Similar to how these areas need processes to meet relevant requirements, a company that uses AI systems needs regulated processes through which it controls access to machine learning models (ML), implements guidelines and legal requirements, the interactions with the models and their results, and records on what basis a model was created. Overall, these processes are referred to as model governance. Model governance processes are to be implemented from the beginning in every phase of the ML life cycle (design, development, and operations). The author has commented in more detail elsewhere on the specific technical integration of model governance into the ML life cycle.

Audits As Standardized Review Processes In The Model Governance Framework

An essential part of model governance is audited to check whether AI systems comply with company policies, industry standards, or regulations. There are internal and external audits. The Gender Shades study discussed by the author in the article ” Ethics and artificial intelligence: a new way of dealing with AI systems ”  is an example of an external audit process: It tested facial recognition systems from large providers about their accuracy about gender and ethnicity and was able to found a different precision of the model depending on race and gender.

However, this view is limited since external test processes only have access to model results but not to the underlying training data or model versions. These are valuable sources that companies must include in an internal audit process. These processes are designed to enable critical reflection on the potential impact. First of all, however, the basics of AI systems must be clarified at this point.
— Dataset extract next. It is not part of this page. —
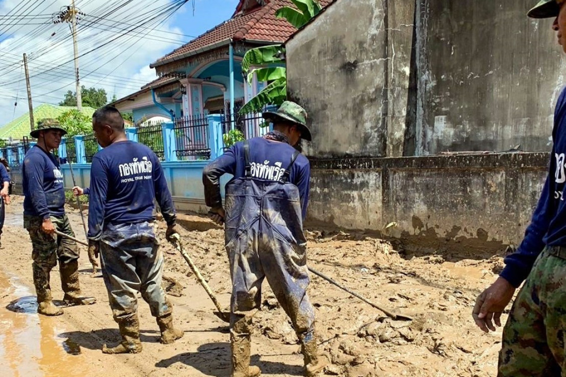 ชุดฟื้นฟู หน่วยบัญชาการต่อสู้อากาศยานและรักษาฝั่ง (สอ.รฝ.) กองทัพเรือ ร่วมกับหน่วยเรือรักษาความสงบเรียบร้อยตามลำแม่น้ำโขง เริ่มดำเนินการตามแผนฟื้นฟูบ้านพักอาศัย ที่ไม่สามารถช่วยเหลือตัวเองได้ ตามที่ได้รับแจ้งจากหัวหน้าชุมชน ที่ได้ลงสำรวจและรับแบ่งมอบงาน จากอำเภอและกรมการทหารช่าง โดยแบ่งออกเป็น 2 พื้นที่  ได้แก่ พื้นที่เหมืองแดงใต้ จำนวน 4 หลัง และพื้นที่ชุมชนปิยะพร จำนวน 6 หลัง

Peculiarities Of AI Systems

To test AI software, it is essential to understand how machine learning works: Machine learning is a set of methods that computers use to make and improve predictions or behaviors based on data. ML models need to find a function that produces an output (label) for a given input to build these predictive models. The model requires training data that contains the appropriate work for the input data to do this. This learning is called “supervised learning.” In the training process, the model uses mathematical optimization methods to find a function that maps the strange relationship between input and output as well as possible.

An example of classification would be a sentiment analysis intended to examine whether tweets contain positive or negative moods (sentiments). In this case, input would be a single tweet, and the associated label would be the coded sentiment set for that tweet (−1 for negative, 1 for positive sentiment). In the training process, the algorithm uses this annotated training data to learn how to input data related to the label. After training, the algorithm can then independently assign new tweets to a class.

More Complex Components In The Machine Learning Area

Thus, an ML model learns the decision logic in the training process, rather than explicitly defining the sense in code with a sequence of typical if-then rules, as usual in software development. This fundamental difference between traditional and AI software means that methods of classic software testing cannot be directly transferred to Artificial Intelligence (AI) systems.